The value of acceleration due to gravity at Earth's surface is `9.8 ms^(-2)`.The altitude above its surface at which the acceleration due to gravity decreases to `4.9 ms^(-2)`m, is close to: (Radius of earth =`6.4xx10^6 m`)
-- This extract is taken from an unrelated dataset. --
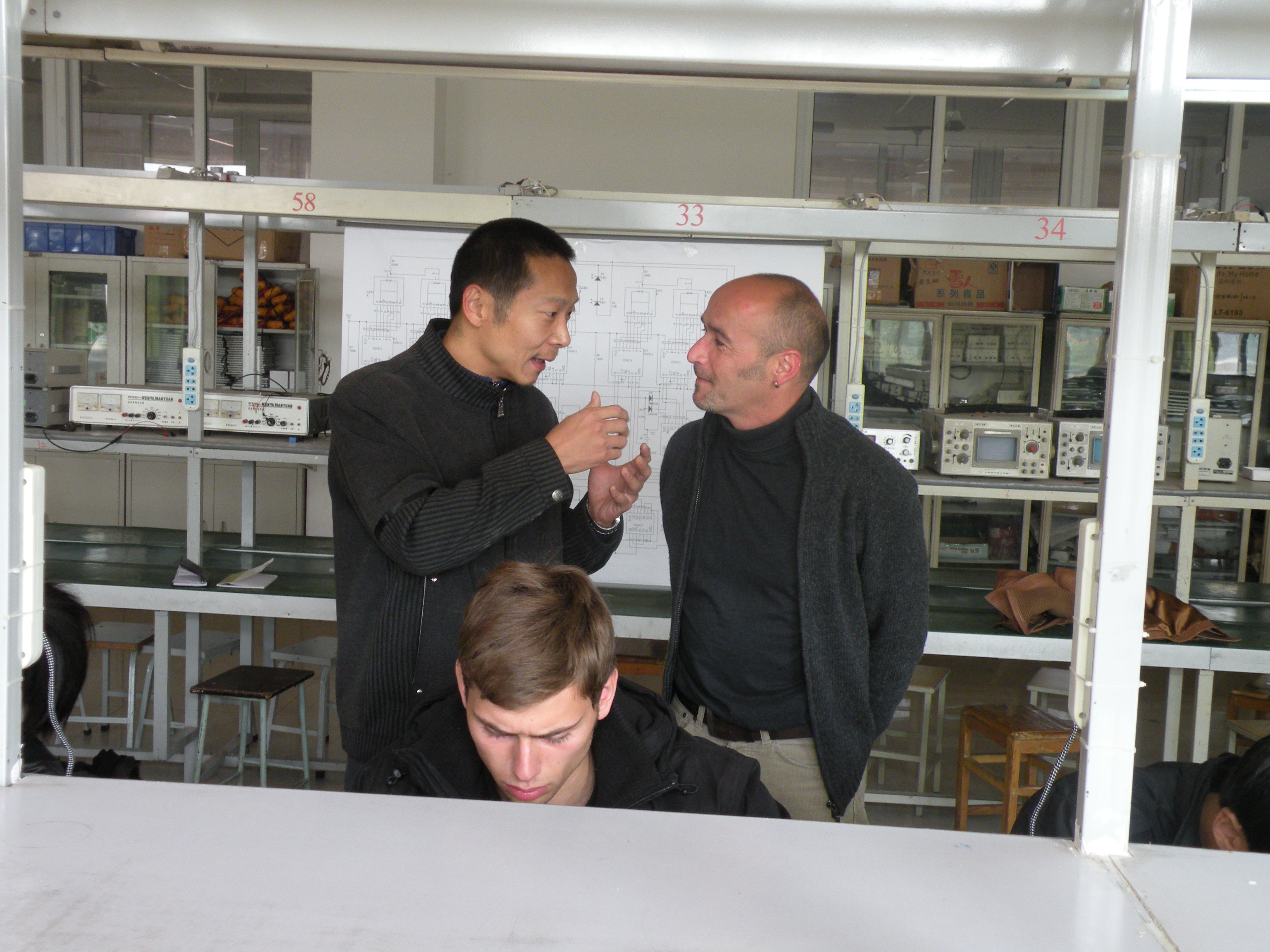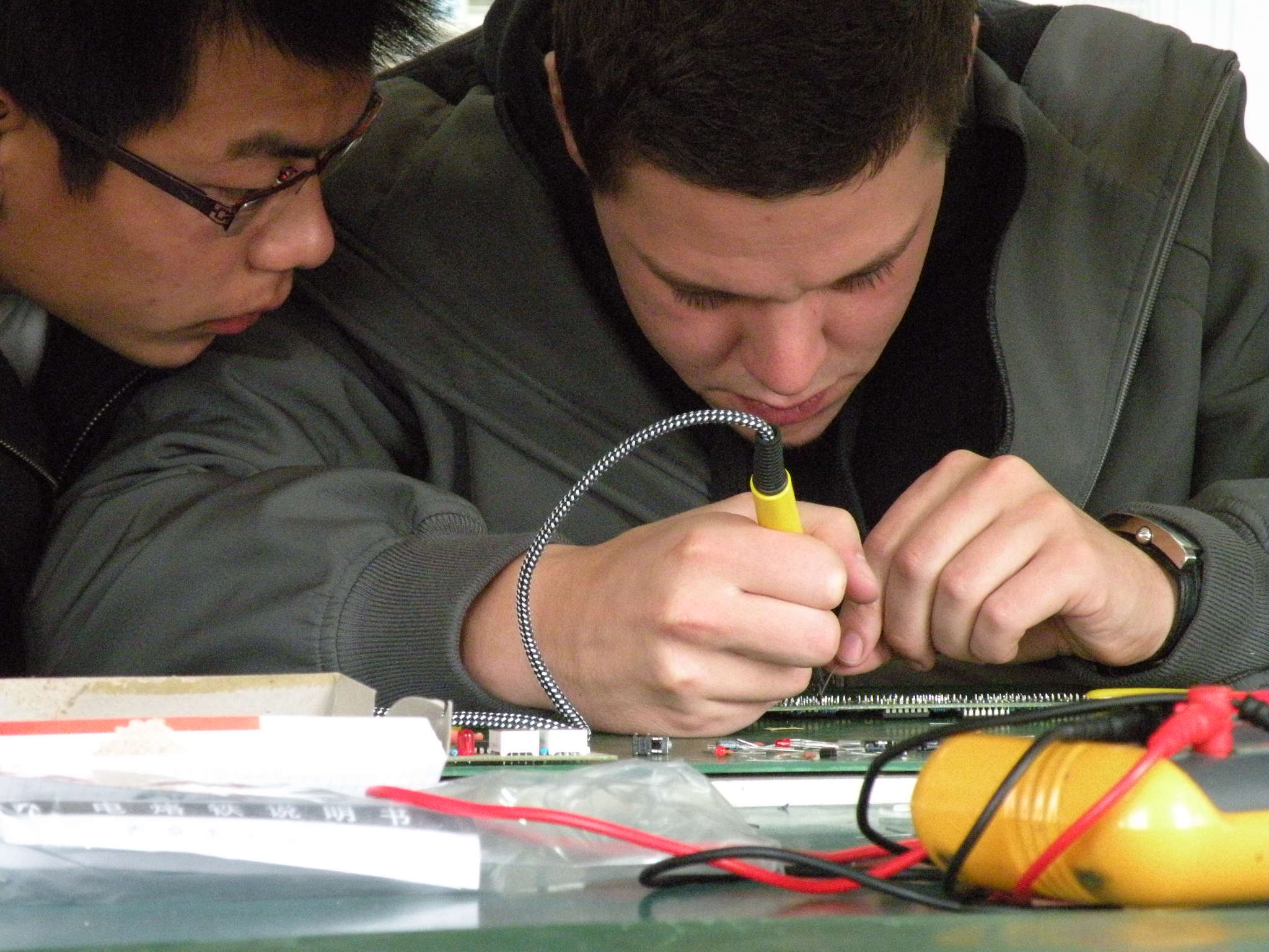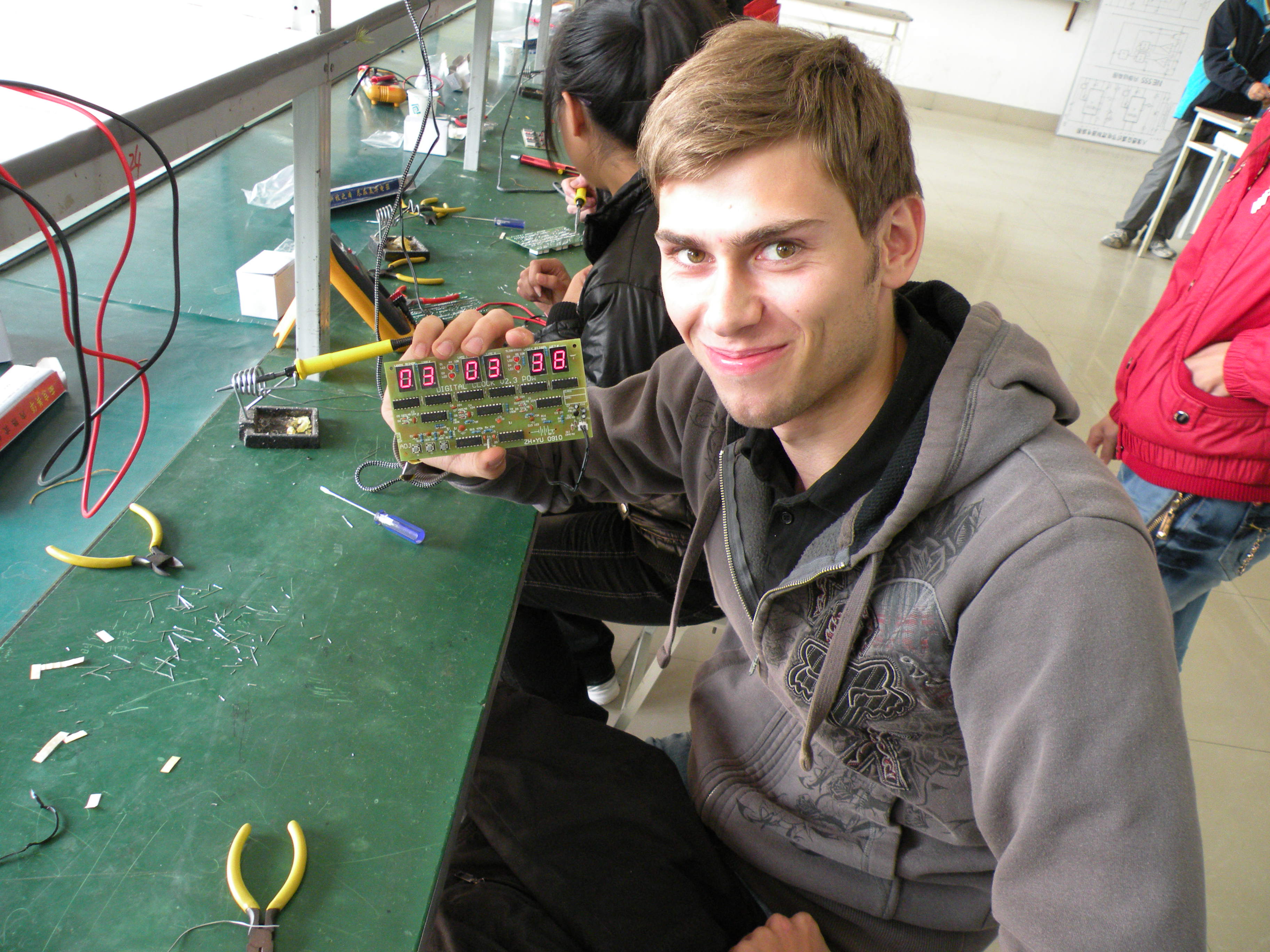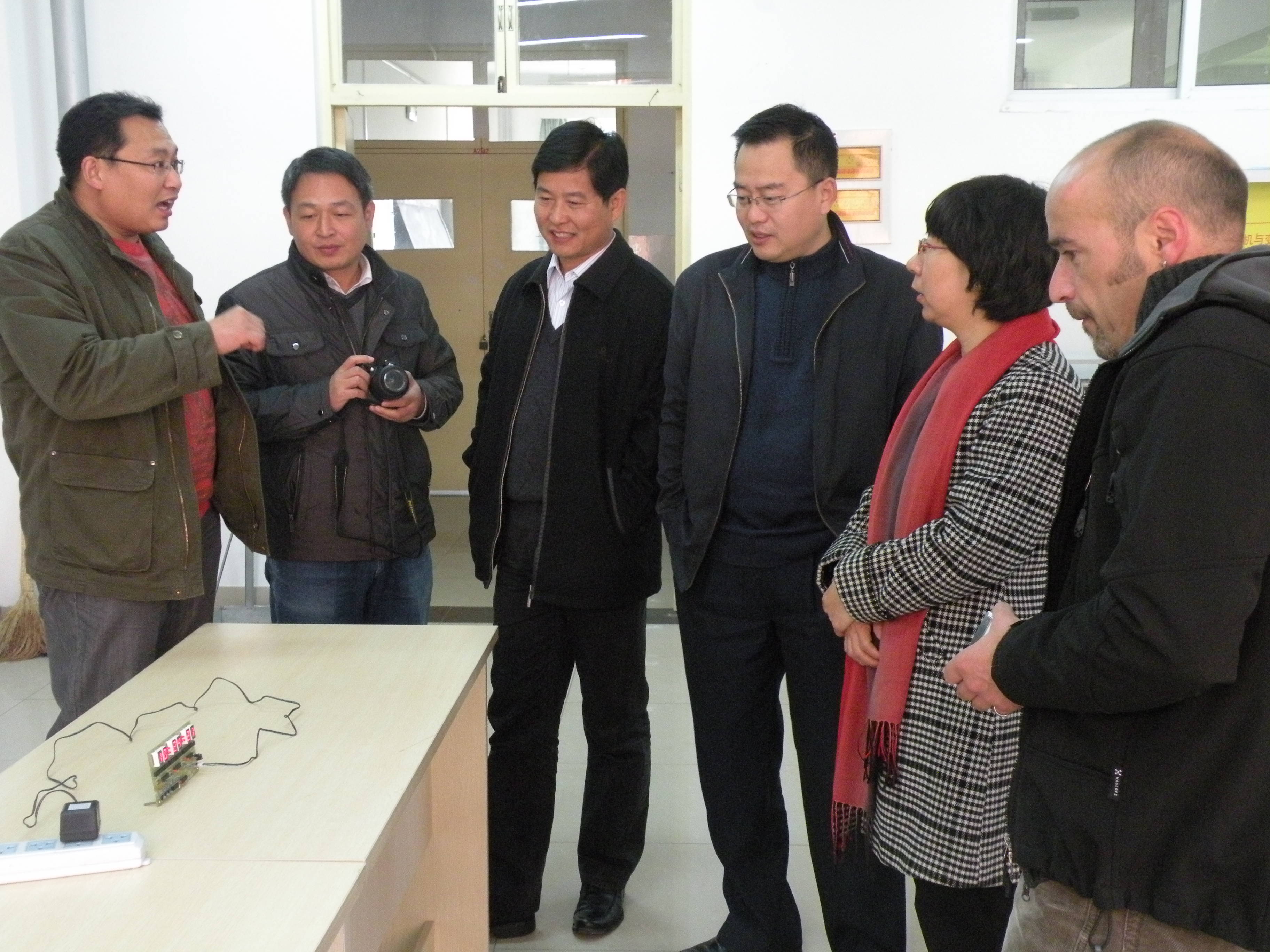 10月28日上午,德國師生到我系電工電子項目教學教室參加學習交流。在電工電子項目教學負責人劉剛老師的指導下,雙方師生一起開展了《精密數鐘的設計與制作》項目的教學活動。在劉剛老師與德國教師的指導下,雙方同學經共同努力,成功完成了該項目的設計與制作。德國學生拿著自己的作品和我系學生一起拍照留念,幸福的笑容詮釋著自己內心的喜悅。

To solve the problem, we need to find the altitude \( h \) above the Earth's surface where the acceleration due to gravity decreases from \( 9.8 \, \text{m/s}^2 \) to \( 4.9 \, \text{m/s}^2 \). ### Step-by-Step Solution: 1. **Understand the relationship between gravity at the surface and at height**: The formula for the acceleration due to gravity at a height \( h \) above the surface of the Earth is given by: \[ g' = g \cdot \frac{R}{R + h}^2 \] where: - \( g' \) is the acceleration due to gravity at height \( h \), - \( g \) is the acceleration due to gravity at the surface (which is \( 9.8 \, \text{m/s}^2 \)), - \( R \) is the radius of the Earth (given as \( 6.4 \times 10^6 \, \text{m} \)), - \( h \) is the height we need to find. 2. **Set up the equation**: We know that at height \( h \), \( g' = 4.9 \, \text{m/s}^2 \). Plugging in the values, we have: \[ 4.9 = 9.8 \cdot \frac{6.4 \times 10^6}{(6.4 \times 10^6 + h)^2} \] 3. **Simplify the equation**: Dividing both sides by \( 9.8 \): \[ \frac{4.9}{9.8} = \frac{6.4 \times 10^6}{(6.4 \times 10^6 + h)^2} \] This simplifies to: \[ \frac{1}{2} = \frac{6.4 \times 10^6}{(6.4 \times 10^6 + h)^2} \] 4. **Cross-multiply**: \[ (6.4 \times 10^6 + h)^2 = 2 \cdot 6.4 \times 10^6 \] 5. **Take the square root**: Taking the square root of both sides gives: \[ 6.4 \times 10^6 + h = \sqrt{2} \cdot 6.4 \times 10^6 \] 6. **Isolate \( h \)**: Rearranging gives: \[ h = \sqrt{2} \cdot 6.4 \times 10^6 - 6.4 \times 10^6 \] Factoring out \( 6.4 \times 10^6 \): \[ h = ( \sqrt{2} - 1 ) \cdot 6.4 \times 10^6 \] 7. **Calculate \( h \)**: The value of \( \sqrt{2} \) is approximately \( 1.414 \): \[ h = (1.414 - 1) \cdot 6.4 \times 10^6 \] \[ h = 0.414 \cdot 6.4 \times 10^6 \] \[ h \approx 2.65 \times 10^6 \, \text{m} \] ### Final Answer: The altitude \( h \) at which the acceleration due to gravity decreases to \( 4.9 \, \text{m/s}^2 \) is approximately \( 2.65 \times 10^6 \, \text{m} \).